▶ _About this task_: Using the records below, write out only the lines from the line containing "儿童房书桌还有敞开格做了橙色" up to and including the line containing "Women’s Contrast Zipper", exactly, with no pictures.

▶ _Data entries_:
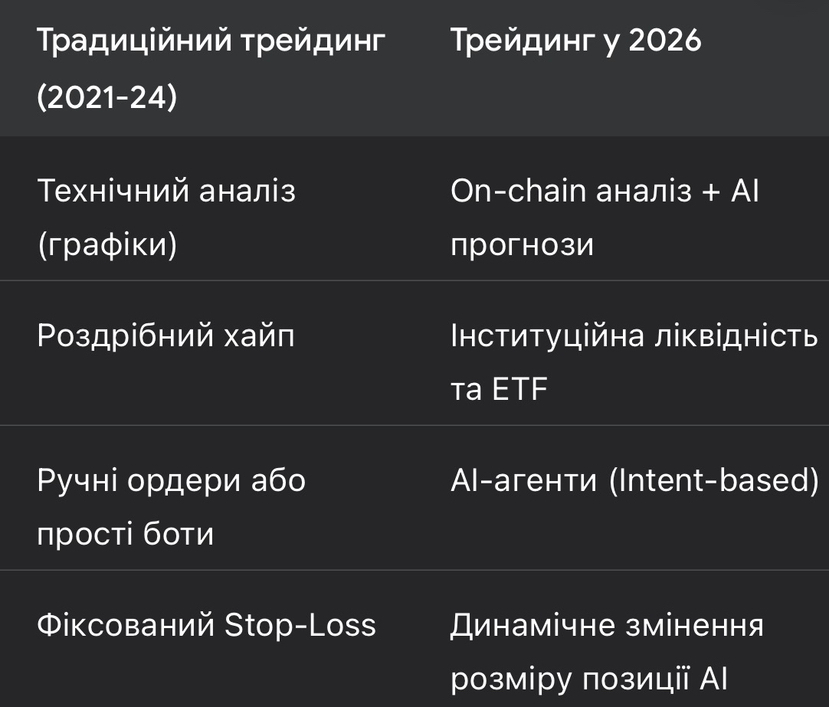 У 2026 році торгівля криптовалютою остаточно трансформувалася: класичні індикатори поступилися місцем AI-агентам, on-chain аналітиці та стратегіям, орієнтованим на інституційну ліквідність.
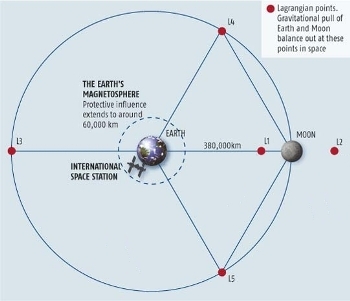 Quand deux corps célestes interagissent comme la Lune et la Terre, il existe des points dans l’espace où un objet ne tombe ni sur l’un ni sur l’autre : il reste suspendu et tourne lentement comme le fait le système des deux corps et non pas rapidement autour de l’un des deux. Deux de ces positions, qui sont au nombre de 5, sont plus stables que les autres : Les points L4 et L5. Ils sont plus intéressants comme lieu d’assemblage des grands objets qui sont destinés à sortir du système Terre-Lune avec des éléments constituants qui proviennent des deux planètes, et permettent un accès plus facile à la Terre ou à la Lune. De plus, les volumes et les masses des vaisseaux en construction à ces Points ne seront pas pénalisés par une gravité ou un manque de place.
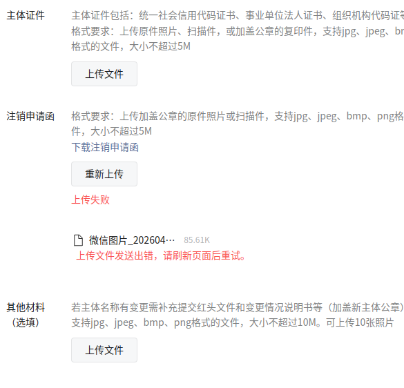 政府类主体支持提交无对公账户注销申请,注销入口:登录账号后台-设置与开发-账号设置-账号详情-注销账号-填写对公账号字段下方有“无对公账户”提交入口,按提示多次提交资料后显示系统错误上传失败,该怎么解决?
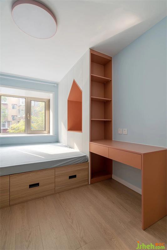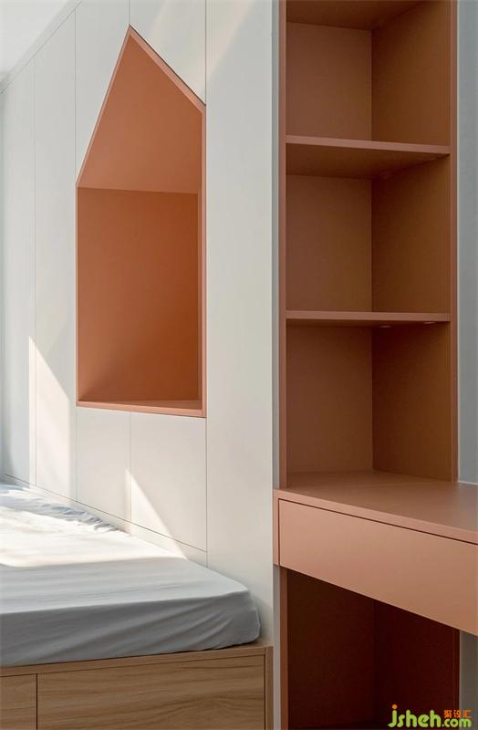 儿童房书桌还有敞开格做了橙色,饱和度相对高一些,跟墙面做一个强烈的对比,激活空间。
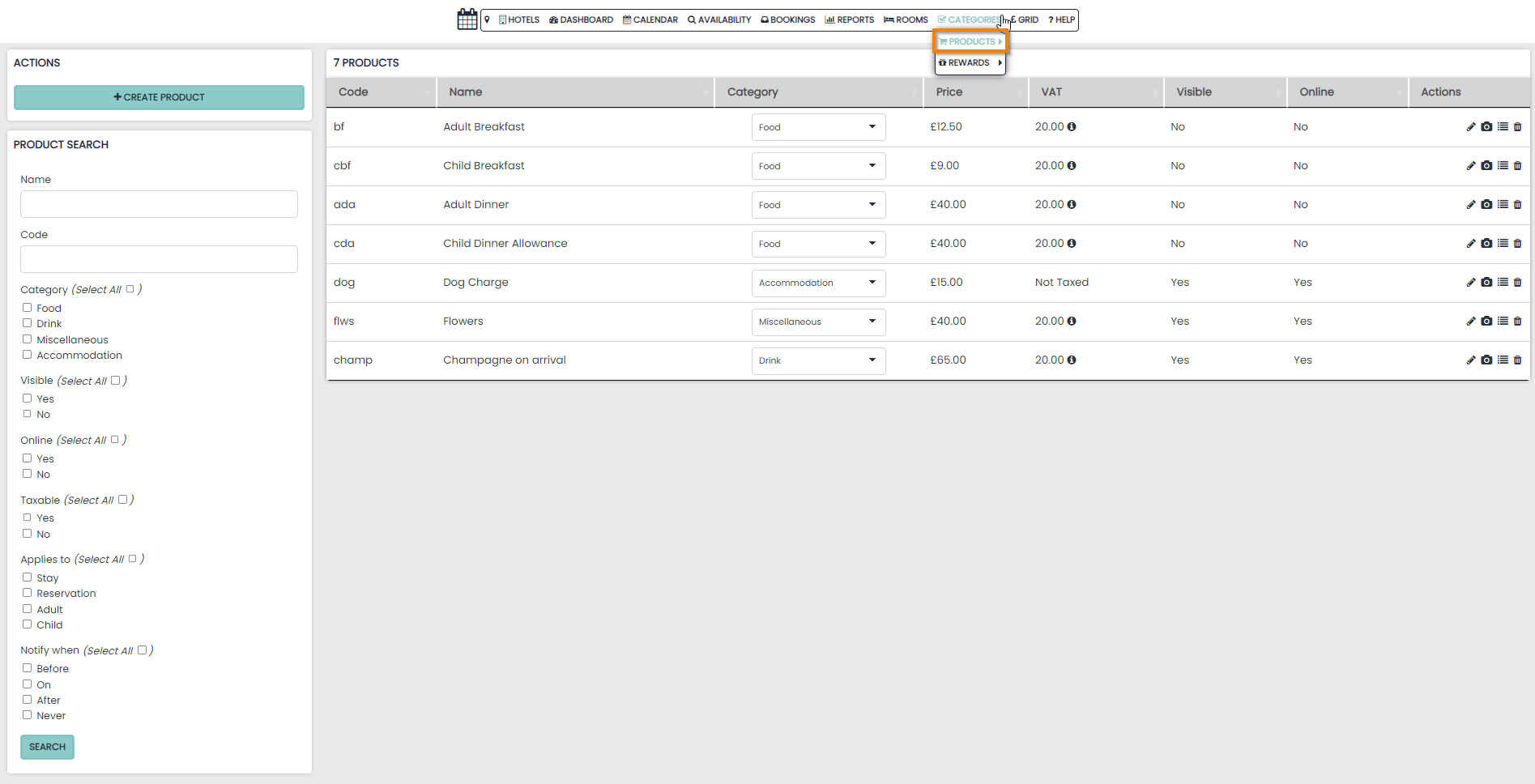 The Products section is found in the Categories drop down menu on the Navigation bar and will allow you to create and manage all Products in the system.
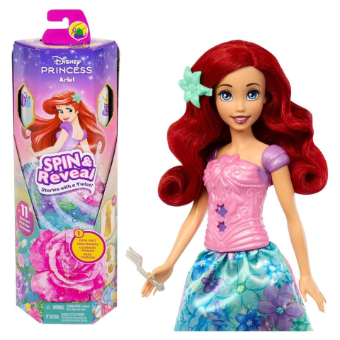 Csobbanj bele a tengeri kalandokba a Disney Hercegnők: Varázslatos Meglepetés Ariel babával! Ariel, a kis hableány most még elbűvölőbb, mint valaha, és készen áll, hogy elvezessen a tenger mélyére rejtett titkok világába. Ez a különleges baba Spin & R
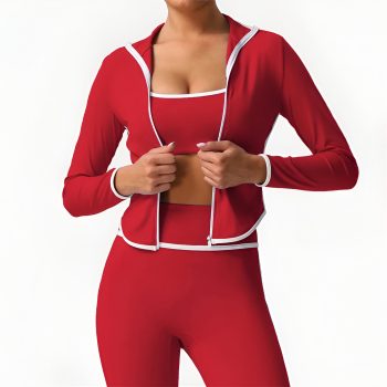 Women’s Contrast Zipper Long Sleeve Workout Jacket – Breathable Fitness Top
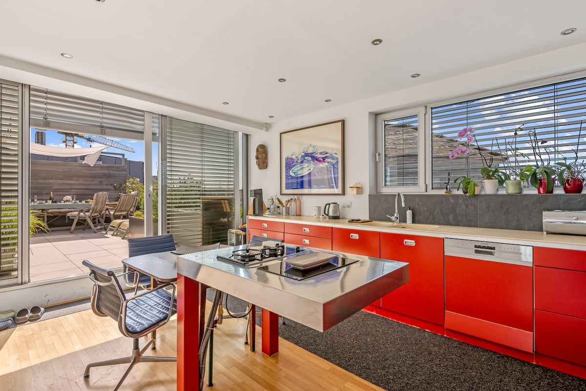 Este espacioso penthouse de 140 m² en 2 niveles combina comodidad y estilo. Disfruta de una estancia relajante en nuestra hermosa ciudad en 4 dormitorios separados y 2 baños modernos y 2 aseos, un comedor excepcional con vistas impresionantes de la noria y el canal del Danubio. En la terraza, justo al lado de la cocina, con vistas panorámicas y una gran mesa de comedor, parrilla y tumbonas, puedes relajarte perfectamente después de hacer turismo.
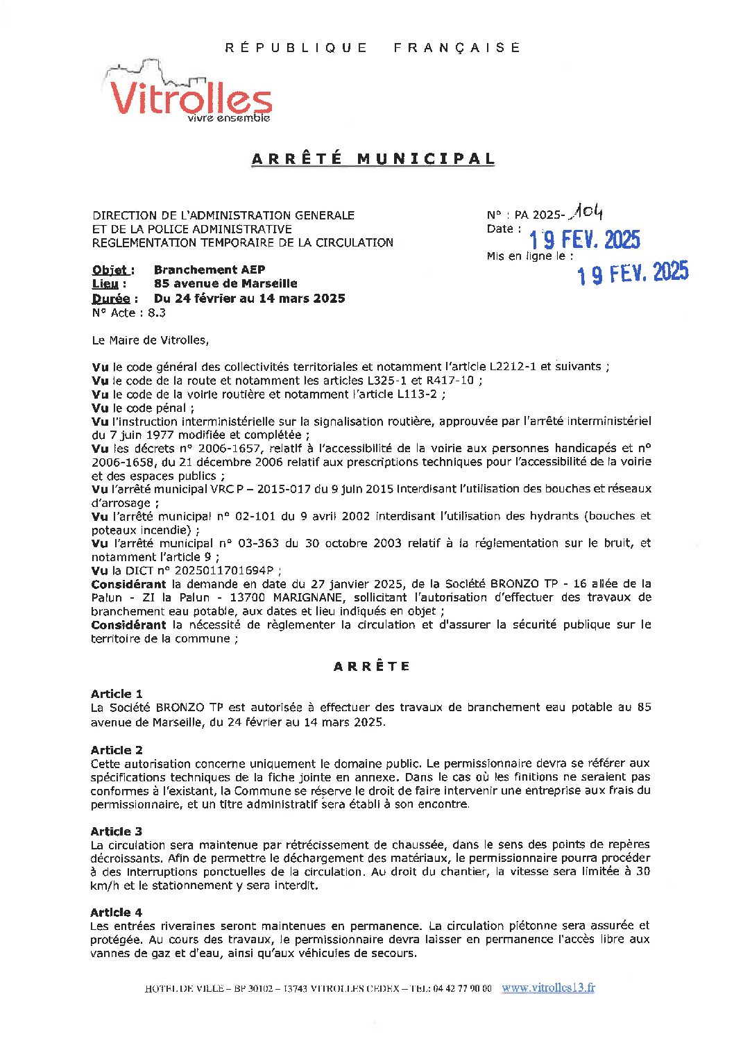 PA 2025-104 Règlementation temporaire de la circulation – Avenue de Marseille

▶ _Output of the task_:
 儿童房书桌还有敞开格做了橙色,饱和度相对高一些,跟墙面做一个强烈的对比,激活空间。
 The Products section is found in the Categories drop down menu on the Navigation bar and will allow you to create and manage all Products in the system.
 Csobbanj bele a tengeri kalandokba a Disney Hercegnők: Varázslatos Meglepetés Ariel babával! Ariel, a kis hableány most még elbűvölőbb, mint valaha, és készen áll, hogy elvezessen a tenger mélyére rejtett titkok világába. Ez a különleges baba Spin & R
 Women’s Contrast Zipper Long Sleeve Workout Jacket – Breathable Fitness Top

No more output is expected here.